Add ice water a tablespoon at a time, mixing gently until the dough holds together.
Flatten into a disc, wrap, and chill in the fridge for 30 minutes.
Lightly sauté zucchini and eggplant slices in a bit of olive oil in a flat base saucepan for 2–3 minutes just until slightly soft but still holding shape.
If using onions, caramelize them separately and let cool.
Roll out the chilled dough into a rough 10–12 inch circle on parchment paper. You could also use two layers of cling wrap to roll the pastry easily.
Sprinkle a thin layer of cheese (if using) or caramelized onions in the center, leaving a 2-inch border.
Transfer onto a parchment paper-lined baking tray. Arrange the veggies (zucchini, tomato, eggplant) in overlapping circles or rows.
Sprinkle chopped garlic, herbs, salt, pepper, chili flakes, and a drizzle of olive oil.
Fold the edges of the dough over the filling, pleating gently.
Brush the crust with a little milk or egg wash for shine.
Bake at 200°C (390°F) for 35–40 minutes or until the crust is golden and crisp, and the vegetables are tender.
You could also divide the dough and filling to make 4 individual galettes.
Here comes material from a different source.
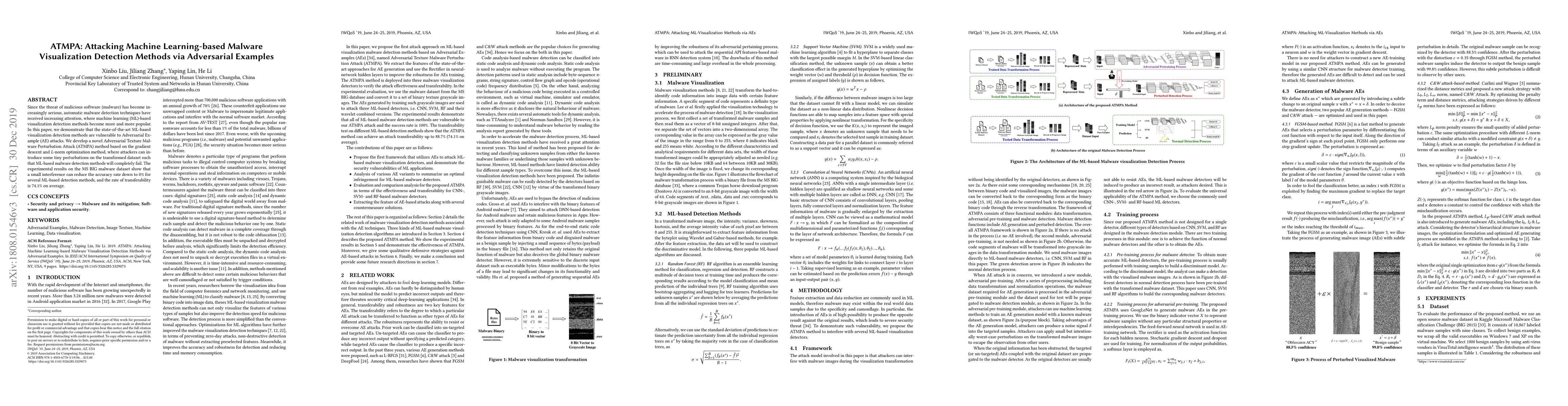 This paper reveals vulnerabilities in ML-based malware detection methods using adversarial examples. It introduces the novel Adversarial Texture Malware Perturbation Attack (ATMPA) method, which can reduce detection accuracy to 0% with minimal perturbations, demonstrating a 74.1% transferability rate on the MS BIG malware dataset.

Bake for 25–30 minutes.
If the crust is too soft, chill it again for 10–15 minutes before baking.
Adding a cheese layer acts as a moisture barrier under the veggies.
Unbaked galettes can be frozen; bake directly from frozen, adding 5–10 minutes extra.
Pair with a light green salad or a garlic yogurt dip for serving.
Can I make the crust ahead of time?
Yes, you can prepare the crust ahead of time and store it in the fridge for up to 2 days or freeze it for longer storage.
Can I use gluten-free flour for the crust?
Yes, you can substitute all-purpose flour with a gluten-free flour blend, but the texture may vary slightly.
What other vegetables can I use?
You can use bell peppers, mushrooms, or squash as alternatives or additions to the zucchini and eggplant.
Can I make this recipe vegan?
Yes, omit the cheese and use a plant-based butter for the crust to make it vegan.
How do I prevent the base from becoming soggy?
Lightly sauté the vegetables beforehand and use a cheese layer or caramelized onions as a moisture barrier.